━━━ Records to process ━━━

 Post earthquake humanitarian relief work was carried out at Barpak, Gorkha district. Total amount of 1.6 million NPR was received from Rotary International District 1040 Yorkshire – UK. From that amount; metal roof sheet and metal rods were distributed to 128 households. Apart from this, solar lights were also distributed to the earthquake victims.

━━━
━━━ Records to process ━━━

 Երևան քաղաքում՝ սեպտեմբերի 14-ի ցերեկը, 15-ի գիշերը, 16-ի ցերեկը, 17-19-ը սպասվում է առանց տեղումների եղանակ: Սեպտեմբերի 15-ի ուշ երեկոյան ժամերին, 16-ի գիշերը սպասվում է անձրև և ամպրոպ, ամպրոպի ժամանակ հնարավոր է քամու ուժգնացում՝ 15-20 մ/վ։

━━━
━━━ Records to process ━━━

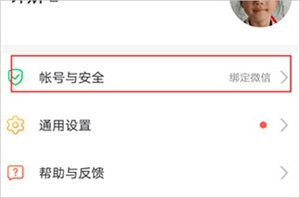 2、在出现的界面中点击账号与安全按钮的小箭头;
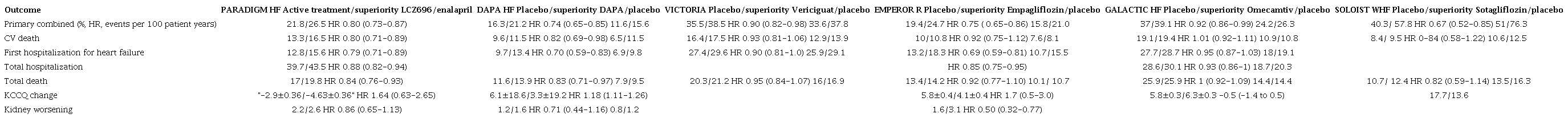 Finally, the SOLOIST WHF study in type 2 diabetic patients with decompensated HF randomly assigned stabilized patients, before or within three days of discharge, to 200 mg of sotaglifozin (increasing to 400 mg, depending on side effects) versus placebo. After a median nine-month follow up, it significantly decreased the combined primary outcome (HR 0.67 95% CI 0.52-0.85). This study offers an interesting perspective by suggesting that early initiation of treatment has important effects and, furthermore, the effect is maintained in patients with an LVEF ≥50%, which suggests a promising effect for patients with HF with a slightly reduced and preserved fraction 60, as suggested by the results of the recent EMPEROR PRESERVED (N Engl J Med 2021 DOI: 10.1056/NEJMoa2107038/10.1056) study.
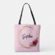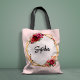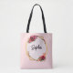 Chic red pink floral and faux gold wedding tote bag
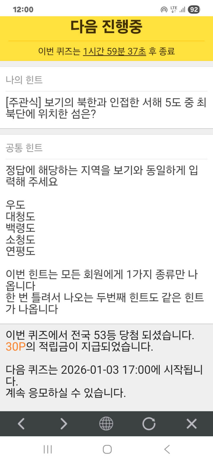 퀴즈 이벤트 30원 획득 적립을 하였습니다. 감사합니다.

━━━

— Task statement —
When you reach the line with "2、在出现的界面中点击账号与安全按钮的小箭头;" in the records above, start writing out each line exactly, and stop after the line with "퀴즈 이벤트 30원 획득 적립을 하였습니다. 감사합니다.". Pictures stay out.

— Solved problem —
 2、在出现的界面中点击账号与安全按钮的小箭头;
 Finally, the SOLOIST WHF study in type 2 diabetic patients with decompensated HF randomly assigned stabilized patients, before or within three days of discharge, to 200 mg of sotaglifozin (increasing to 400 mg, depending on side effects) versus placebo. After a median nine-month follow up, it significantly decreased the combined primary outcome (HR 0.67 95% CI 0.52-0.85). This study offers an interesting perspective by suggesting that early initiation of treatment has important effects and, furthermore, the effect is maintained in patients with an LVEF ≥50%, which suggests a promising effect for patients with HF with a slightly reduced and preserved fraction 60, as suggested by the results of the recent EMPEROR PRESERVED (N Engl J Med 2021 DOI: 10.1056/NEJMoa2107038/10.1056) study.
 Chic red pink floral and faux gold wedding tote bag
 퀴즈 이벤트 30원 획득 적립을 하였습니다. 감사합니다.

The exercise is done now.